In international politics, the primary day-to-day means of contact between states is through the institution of diplomacy. A rich legal tradition of how this diplomacy is governed has evolved, and the practices of diplomacy by states continue to change and shape the patterns of world politics around us. So one important way to understand international politics is to examine the practices of diplomats and the contexts within which they operate.

Keele's MA/MRes in Diplomatic Studies aims to meet this need. The first of its kind in the UK, it continues to provide a solid, advanced grounding in the legal foundations, and the theory and practice of diplomacy. Many students on the course are from diplomatic backgrounds, and so the course provides a useful link between the worlds of academia and of practical policy-making.

The course is taught over a 12 month period (September-September; January-January). It is available as a full-time and/or part-time mode of study. Students completing the course have gone on to a variety of careers in the public, private and voluntary sectors.

See the website https://www.keele.ac.uk/pgtcourses/diplomaticstudies/

Course Aims

The course aims to ground students in the central legal, theoretical and practical aspects of diplomacy. It does this within a context of a more general understanding of International Relations. It also prepares students for research – both research that they may do for their dissertation, but also research that they may undertake in their future academic or professional work. The optional modules and the dissertation give students a broad scope in which to pursue topics of their own choosing.

Course Content

Taught masters programmes require satisfactory completion of at least 180 credits, made up of 6 taught module (120 credits) plus a 15,000 word dissertation (60 credits).

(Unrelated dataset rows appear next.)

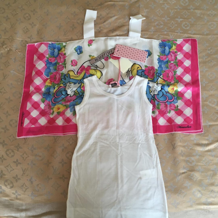 Новая туника смурфы, 4 года, 104 см. Можно раньше как платье. Очень яркая и красивая! Состоит из 2 частей, майка вискоза и топ шёлк . Отдаю за 2500
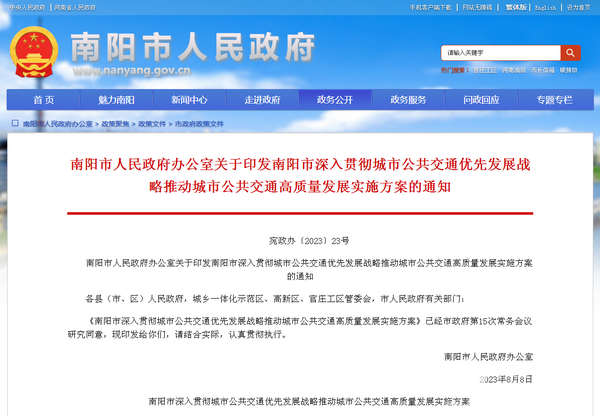 2023年8月8日,南阳市人民政府印发了关于《南阳市深入贯彻城市公共交通优先发展战略推动城市公共交通高质量发展实施方案》的通知(宛政办〔2023〕23号)。
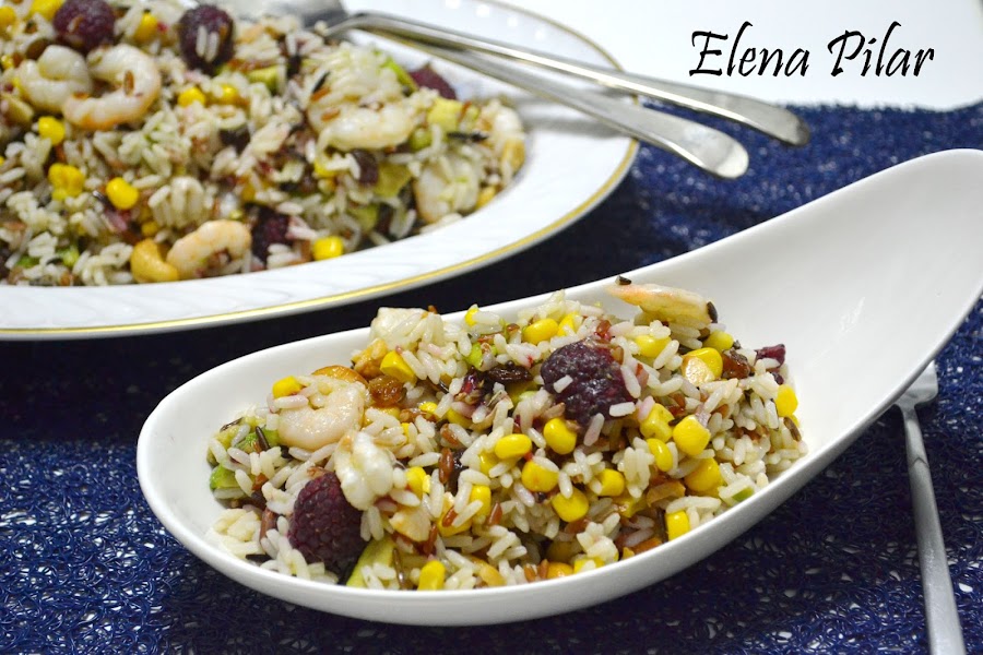 La receta la encontré en el mismo paquete de arroz que utilicé (SOS Ensaladas y guarniciones). Apenas varié nada. Tan solo las cantidades de ingredientes. Puse una cucharada más de pasas, anacados -ADORO este fruto seco, si no fuera por todo lo que engorda me los comería por kilos- y frambuesas.
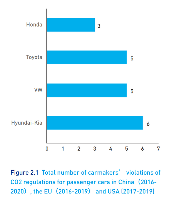 数据显示,在2016年至2020年期间,在中国市场,丰田汽车碳排放表现最差,有5次未达标;其次为现代起亚和本田,3次未达标;大众汽车碳排放有2次不达标。而在美国市场,大众和现代企业均有3次未达标。神奇的是,丰田这5年间在美国没有不达标记录。
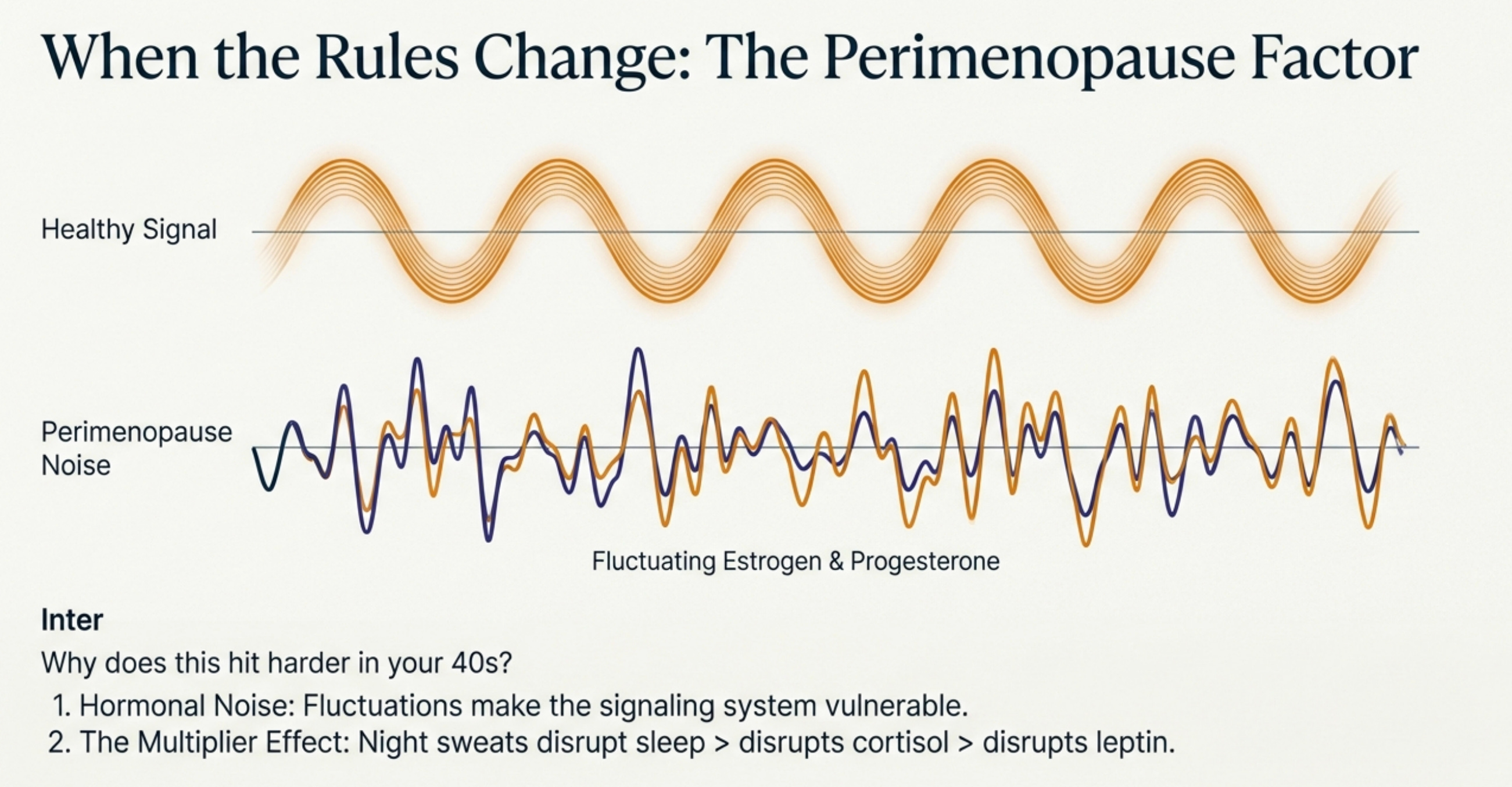 And here’s the frustrating bit as we get older: the same behaviours that your body tolerated in our 20s and early 30s now completely disrupt hormonal signalling.
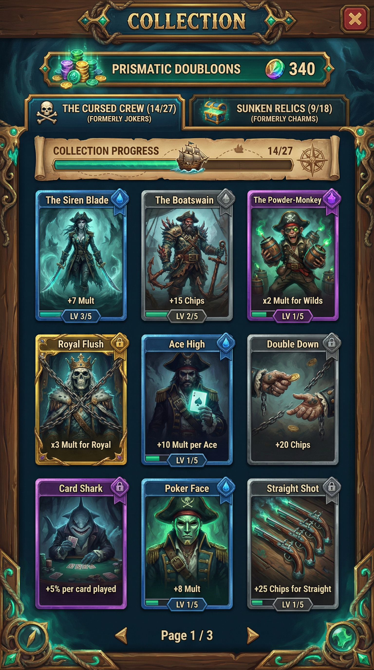 "Rich digital oil painting techniques with thick, expressive impasto brushstrokes and layered color blending. Soft, glowing ambient occlusion mixed with dramatic, saturated rim lighting. High-fidelity 2D fantasy rendering. Distinct, hand-crafted edge definition ensuring perfect readability for complex card illustrations and ornate UI frames.", - Concept: High-stakes supernatural pirate adventure on the High Seas. Captain's cabin of a legendary galleon navigating through a magical maelstrom - Palette: Deep Ocean Navy and Weathered Mahogany backgrounds, sharply contrasted with bright Tropical Emerald (magic/cursed elements) and Sunken Gold highlights. - Materials & Elements: Barnacle-encrusted wood, cursed parchment treasure maps, overflowing glowing doubloons, spinning brass compasses, and kraken motifs. - Atmosphere: Adventurous, dangerous, and 'Swashbuckling Mystery'. Weathered but highly stylized and legible., [UI/UX LAYOUT] - Core Structure: Respect reference layout. Thick beveled frames, high relief (extruded 3D look). Aggressive Z-depth drop shadows between all layers. - Interactions: Clickable buttons require pronounced inner 'Tropical Emerald' glow. Active foreground elements must have 40% more brightness/contrast than background. [CARD PROGRESSION MATRIX] Ornamental ladder scaling linearly by rarity: - Common: 'Weathered Mahogany' wood. Minimalist bevels, clean flat structural borders. No protruding elements. - Rare: Tarnished brass & rusted iron. Intricate nautical filigree (ropes/waves), double-tiered UI depth. - Epic: Premium 'Sunken Gold' with 'Tropical Emerald' glowing accents. Complex architectural relief with embedded brass compasses or barnacles in corners. - Legendary: Maximalist premium 'Sunken Gold'. Heavy thematic motifs (carved Kraken tentacles, cursed pirate skulls, heavy anchor chains) physically breaking the rectangular silhouette (protruding 3D elements)., [CONCEPT MAPPING] - Jokers -> THE CURSED CREW: Supernatural pirate specialists & swashbuckling rogues. Encased in weathered, heavy nautical frames. - Lucky Charms -> SUNKEN RELICS: Tangible cursed artifacts (Barnacle-encrusted compasses, kraken-tooth daggers, glowing messages in bottles). - Tarot -> CURSED CHARTS: Weathered parchment treasure maps, glowing 'X' marks, arcane navigation lines. - Planet -> ASTRAL ASTROLABES: Intricate brass navigation tools & glass buoys containing glowing trapped celestial energy. [THE CREW - SAMPLES] 1. THE BOATSWAIN (Heavy): Massive imposing cursed pirate, armor of shipwreck debris & hardened coral. Wielding heavy rusted ship's anchor on a chain. Brutal, intimidating posture. 2. THE SIREN BLADE (Assassin): Agile mysterious figure in eerie sea-mist & tattered aristocratic naval coats. Twin curved cutlasses dripping supernatural seawater. Stealthy, lethal posture. 3. THE POWDER-MONKEY (Specialist): Manic soot-covered pirate, holding multiple miniature gunpowder kegs with glowing magical emerald fuses. Chaotic, unpredictable posture., For Purchasable Cards: "Visual Hierarchy: Vertical card orientation divided into three functional zones. Primary Zone (60-70% height): A large, centered rectangular frame dedicated to the character portrait and character name. Rarity: A high-saliency badge or icon placeholder located in the top-right corner, integrated in the main portrait frame. Or different card frame per rarity of the card including integrating the badge. Rarity Color Scheme: Common: Grey. Rare: Blue. Epic: Purple. Legendary: Yellow-Orange, Golden Information Zone (25% height): A dedicated horizontal rectangular container at the bottom for ""Modifier Text"" and ""Effect Description"". Purchase Price. Cost for adquiring the card or pack. Item Type: A Tag that indicated the type of item we are purchasing. Z-Depth: Character portrait must overlap the top edge of its frame to create a pop-out effect." ------"

The MA and MRes programmes differ in that the MA programme contains more subject-specific modules and less research training, while the MRes programme contains more research training, in preparation for a research career or for undertaking a research degree such as a PhD.

MA
• Power, Knowledge and the World (30 credits)
• Perspectives in Politics and International Relations (30 credits)
• Research in Action (15 credits)
• Three (15 credits) optional modules chosen from the list below
• 15,000 word dissertation on an approved topic in Diplomatic Studies (60 credits)

MRes
• Research Design and Process (20 credits)
• Two 15 credits optional modules chosen from the list below
• Perspectives in Politics and international Relations (30 credits)
• Quantitative Data Analysis I (20 credits)
• Qualitative Data Analysis (20 credits)
• 15,000 word dissertation on an approved topic in Diplomatic Studies (60 credits)

Options
Optional modules can be drawn from modules such as those listed below, although the precise list of available modules may vary from year to year.

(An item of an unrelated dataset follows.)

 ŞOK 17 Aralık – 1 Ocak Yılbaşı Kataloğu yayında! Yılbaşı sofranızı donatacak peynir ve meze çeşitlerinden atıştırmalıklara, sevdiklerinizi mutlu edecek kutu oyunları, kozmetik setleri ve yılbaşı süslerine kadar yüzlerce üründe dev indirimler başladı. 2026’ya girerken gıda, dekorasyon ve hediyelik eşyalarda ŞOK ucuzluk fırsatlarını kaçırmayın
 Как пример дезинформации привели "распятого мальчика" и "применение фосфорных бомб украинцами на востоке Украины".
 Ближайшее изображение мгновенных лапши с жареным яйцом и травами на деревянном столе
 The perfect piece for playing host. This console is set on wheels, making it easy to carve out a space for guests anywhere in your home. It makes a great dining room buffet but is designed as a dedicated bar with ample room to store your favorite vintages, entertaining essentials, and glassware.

• Approaches to European Integration: History and Practice
• Comparative Public Management Reform (recommended)
• Comparative European Politics
• Diplomatic Law (recommended)
• Diplomatic Practice (recommended)
• Dimensions of Environmental Politics
• Environmental Diplomacy
• Environmental Movements: North and South
• Environmental Politics and Policy in India and China (recommended)
• Parties and Democracy
• Right-Wing Radical Parties
• The Changing International Agenda
• The Politics of Global Security
• The Theory of Global Security
• US Environmental Politics and Policy
• US Foreign Policy

Options available outside SPIRE
It is also possible to take a modern foreign language as a replacement for one of your optional modules. Languages currently available are; French, Russian, German, Spanish and Japanese, at beginners, intermediate or advanced level.

Background reading:
There is no single textbook for this course. Some of the basic texts include: R.P. Barston, Modern Diplomacy, G.R. Berridge, Diplomacy: Theory and Practice, C.M. Constantinou, On the Way to Diplomacy, J. Der Derian, On Diplomacy, K. Hamilton and R. Langhore, The Practice of Diplomacy, H. Nicoslon, The Evolution of Diplomatic Method, E. Satow, Guide to Diplomatic Practice, and A. Watson, Diplomacy: The Dialogue Between States.

Teaching & Assessment

Postgraduate teaching and learning generally takes place in a combination of large seminars and smaller discussion groups. Our academics typically lead the sessions, encouraging discussion between all students. Sometimes students will give presentations, either individually or in groups.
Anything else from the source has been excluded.